He came to our press briefings, asked questions,
took notes and filed stories. So you can
imagine that it came as a shock to us when the
host nation decided to expel
him from the US because he was considered a danger
to national security.
It
had never happened before in the UN's more than
55 year history that a
journalist had been expelled. Not even at the
height of the cold war when
various intelligence agencies, including the KGB
and CIA, gave their spies
press credentials as cover.
For
us at the UN Correspondents Association it was
hard to know exactly how to respond. After all
only a fool would utterly reject the possibility
that
the sole correspondent in the USA of the Iraqi
News Agency -which meant in
effect Saddam Hussein's news agency- might have
been sent here with a second more sinister agenda.
Maybe Mohammed was in fact a secret agent? They
don't all look like James Bond, I know that for
a fact because my father who was a short, corpulent,
balding man used to parachute into France during
world war II to spy on the Nazi V bomber program.
Could Mohammed the teddy bear have masked a grizzly
bear underneath?
And
then there is the fact that, under the terms of
the Headquarters
Agreement between the host country and the UN,
Secretary of State Colin
Powell was required to personally certify to the
Secretary General that
Mohammed had violated American law. The UN lawyers
demanded that
certification and Mr Powell obliged. Most of my
colleagues believe that Mr
Powell is an honorable man, surely we could not
call him a liar?
But
what if Mr Powell had been given false information
by less scrupulous
individuals in the administration? It would not
be the first time. After all he came to the Security
Council and proffered evidence of illegal transfers
of uranium from Niger to Iraq that was later found
to be totally fraudulent. Someone fed Mr Powell
that false information. In the lead up to the
war, as part of the campaign by the White House
to create the misleading impression that there
was a direct link between the Iraqi regime and
terrorist attacks on the US, one could see how
convenient it would be to be able to point a finger
at an Iraqi agent engaged in dastardly work in
our midst.
Mohammad
himself suggested that he was being expelled because
he had
rejected advances from a US diplomat who was trying
to recruit him. "I didn't want to talk to
him, I did not want to defect, I am a professional
journalist," he told me. "Do they object
that I am too close to the Iraqi mission?
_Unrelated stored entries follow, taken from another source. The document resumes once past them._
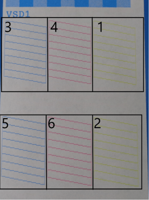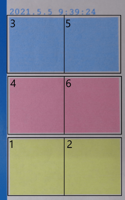 - Fold the prints to have the solid color of the Print test showing and tape to the box.
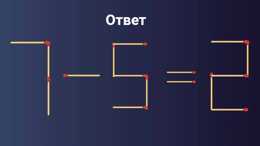 Решение этой головоломки следующее. Цифру 3 превращаем в цифру 5 и получаем ответ: 7 — 5 = 2.
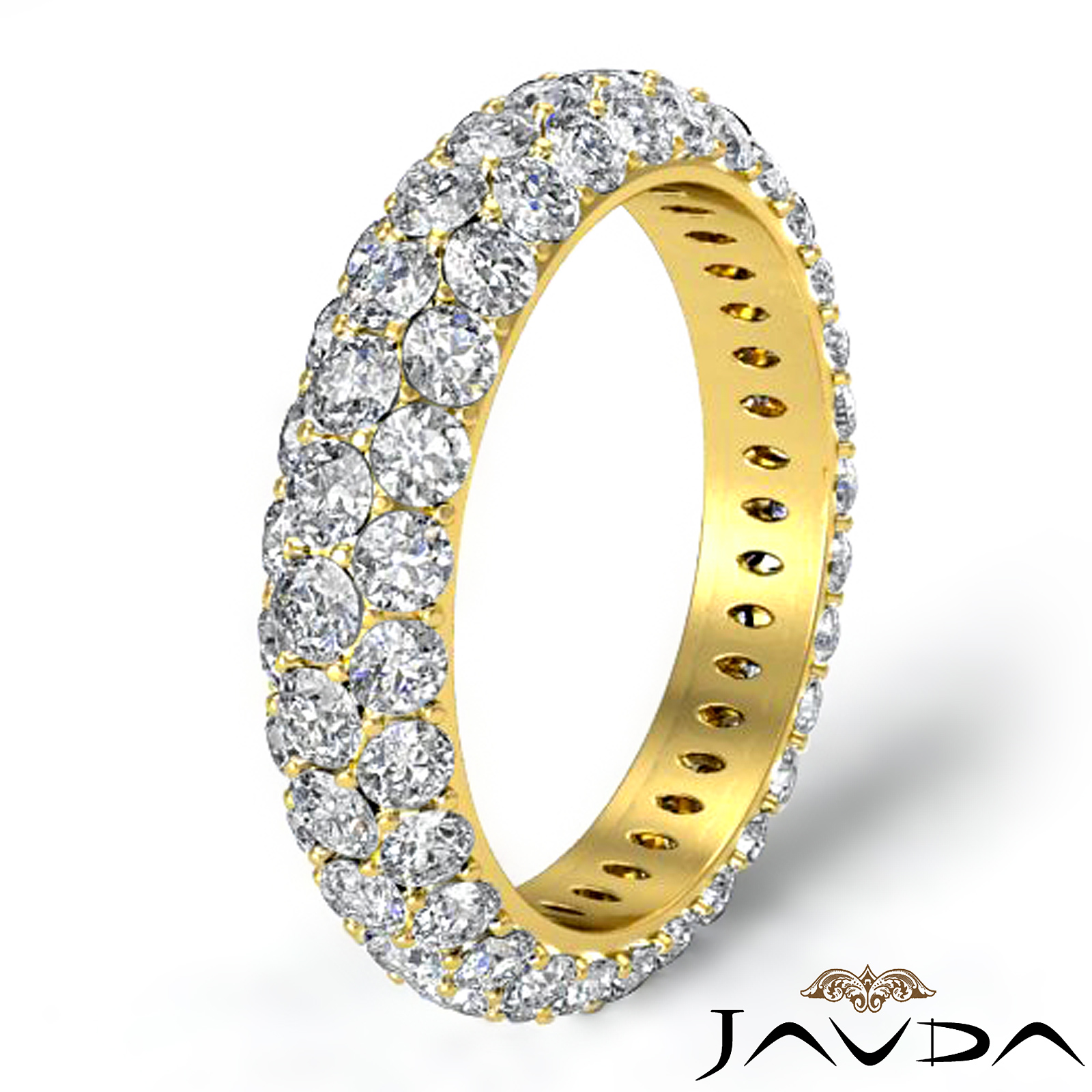 3 Row Round Pave Diamond Women Eternity Ring Band made in 14k Gold Yellow. (3Ct. tw.)
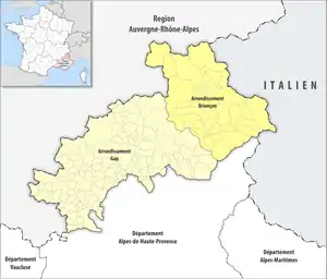 | Arrondissement de Briançon | 051 | 2 138,10 | 33 304 (2021) | 16 | |
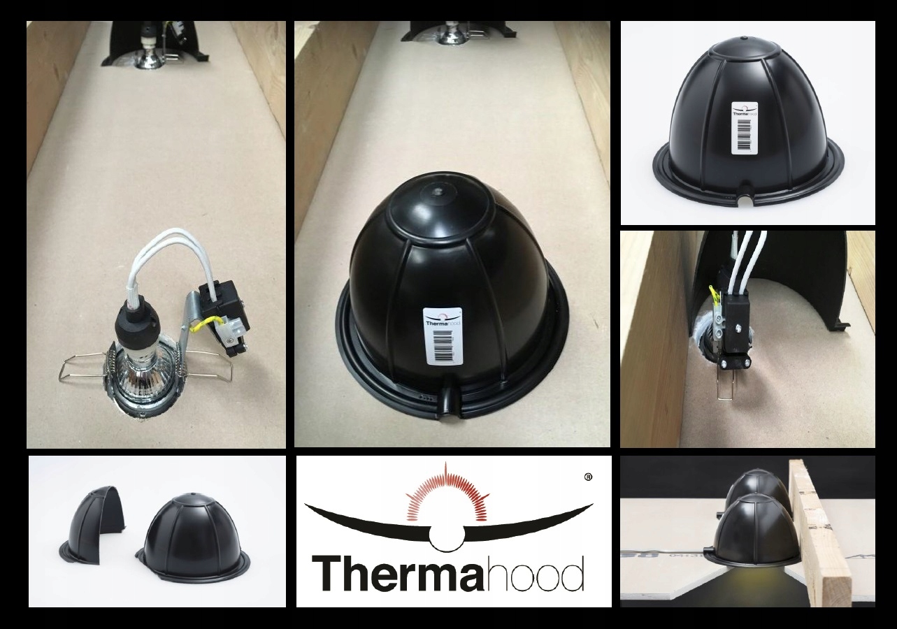 Thermahood to profesjonalna osłona montowana nad oprawą sufitową typu downlight, która:
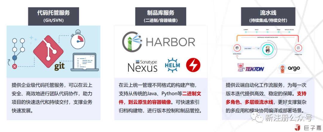 代码托管,制品库,流水线服务这三个产品是研发一体化的基础产品,是用来保障研发过程中的数字化资产的唯一抓手,也是研发一体化首选核心产品。

That
is my job, to cover whatever those guys do."
In
the end the UN correspondents decided that we
would need to see some
proof of the allegations against him. None was
offered. Indeed Mohammed
was never given the chance to see any of the evidence
against him, never had
a chance to confront the witnesses against him,
never had a chance to speak
in his own defense. Theoretically he could have
appealed his expulsion order to an immigration
tribunal, but he was told that if he did so he
would be immediately detained in an INS jail.
Mohammed told me he feared that if he followed
that route he might end up in legal limbo in a
remote navy brig or in Guantanamo with no access
to a lawyer and cut of from his wife and kids.
So he went back to Baghdad. He and his family
arrived just a step ahead of the missiles, a step
ahead of shock and awe. Today I cannot tell you
his fate because I have been unable to reach him
by phone for weeks.
But
why make such a big deal over one guy who, as
we ourselves acknowledge, might not have been
just a simple journalist? The answer is because
we believe in the sanctity of freedom of the press
and we believe that freedom of the press does
not exist in isolation, but in the context of
the whole panoply of civil and political rights.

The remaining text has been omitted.